Retak Berhamburan

blank_paper
Chapter #6

Bab 6 - Petunjuk Dari Tuhan (PoV Jingga)

Sejak kami sepakat untuk memperbaiki hubungan kami satu bulan ini, jujur saja, pikiran tentang Dewa yang memiliki wanita lain selalu menggangguku. Entah mengapa, perasaan itu begitu kuat mengendalikan ku.

Diam-diam aku memperhatikan semua gerak-gerik Dewa. Aku berusaha untuk tidak membuatnya curiga. Entah mengapa, aku memiliki keyakinan kalau suatu saat, Tuhan akan menunjukkannya kepadaku kalau memang ada wanita lain yang menyebabkan perubahan sikap Dewa kepadaku.

Tidak perlu menunggu lama, dua minggu setelah tahun baru, Tuhan memberikan petunjuk kepadaku.

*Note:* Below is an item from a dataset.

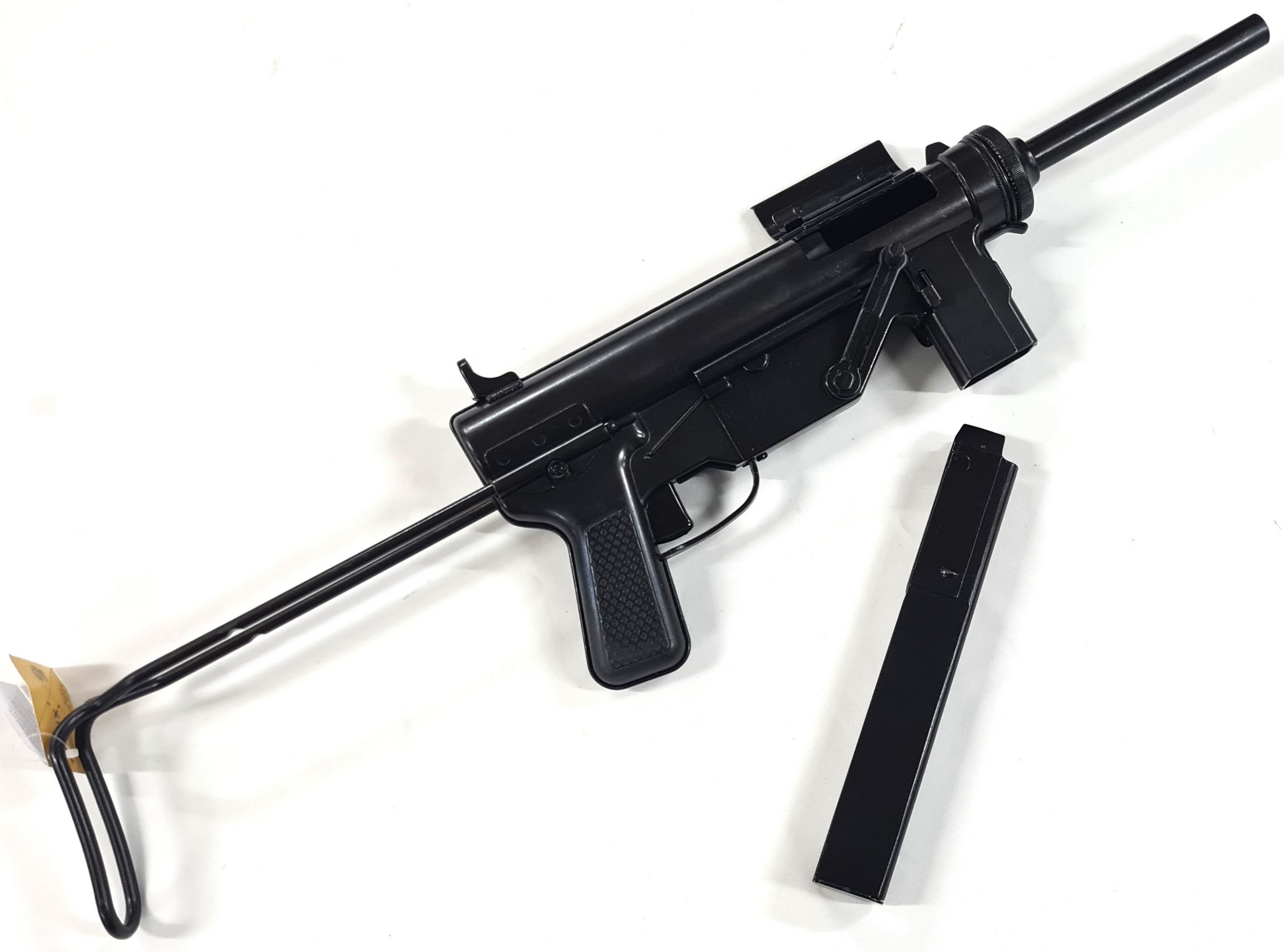 Features a cast black metal body, with simulated mechanism for loading and firing, moveable safe cover, removable magazine, quarter rotating cocking handle & firing trigger. Adjustable push button ,2 position, metal buttstock.

Kita memang tidak pernah bisa menebak bagaimana cara Tuhan untuk menunjukkan kuasa-Nya.

Sore itu, Dewa meminta izin kepadaku untuk bertemu dengan temannya karena ingin membeli sepatu dengan sistem COD. Aku tidak menaruh curiga sama sekali. Tentu saja aku mengizinkannya pergi. Hanya saja, ada sedikit perasaan yang mengusikku.

Selama ini, Dewa selalu meminta aku temani atau minimal, ia akan meminta pendapatku sebelum ia membeli sesuatu. Apalagi sesuatu yang akan ia pakai, tetapi kali ini, ia membelinya sendiri. Aku berusaha untuk tidak terlalu mempermasalahkannya.

Seperti biasa, ia selalu mengecup pipiku sebelum pergi dan mengirimkan pesan ketika ia sudah sampai. Aku membalas pesannya seperti biasa. Dewa bahkan sempat bertanya apakah aku ingin dibelikan sesuatu olehnya.

Dewa pulang sekitar pukul sembilan malam dengan membawa sebuah tas belanja berisi sepasang sepatu dengan merek yang cukup terkenal, berwarna hijau. Cukup aneh. Dewa tampak sangat senang dengan sepatu itu, seakan itu adalah sepatu yang sudah ia inginkan setelah sekian lama.

“Bagus, tidak?’ tanya Dewa sambil memperlihatkan sepatu yang ia bawa kepadaku.

Dengan raut bahagia, Dewa langsung memakai sepatu itu di hadapanku.

“Bagus. Kamu memilih sendiri sepatunya?’ tanyaku sambil terus memperhatikan gerak-geriknya yang tampak hanya terpusat pada sepatu yang sedang ia kenakan. Aku berusaha tersenyum dengan semua prasangka yang muncul di kepalaku.

Dewa tidak menjawab pertanyaanku. Ia kemudian melepaskan sepatu itu dan memasukkannya kembali ke dalam kotak sepatu.

“Besok aku ada janji untuk bersepeda dengan anak-anak.” (*maksudnya dengan kelompok sepedanya)

Aku memang tidak pernah ikut Dewa bersepeda. Ia pernah mengajakku, tetapi aku tidak mungkin melalaikan tanggung jawabku kepada anak-anakku dan meninggalkan mereka dari subuh sampai pagi hari, sedangkan mereka harus bersekolah.

Akhirnya, Dewa tidak pernah lagi mengajakku. Dan aku pun memberikan kebebasan kepada Dewa untuk tetap bersepeda bersama dengan teman-temannya.

Dewa pun berjalan ke arah belakang rumahku tempat semua sepeda dan semua perlengkapannya di simpan. Ia mulai membersihkan dan memeriksa sepeda yang akan ia gunakan besok.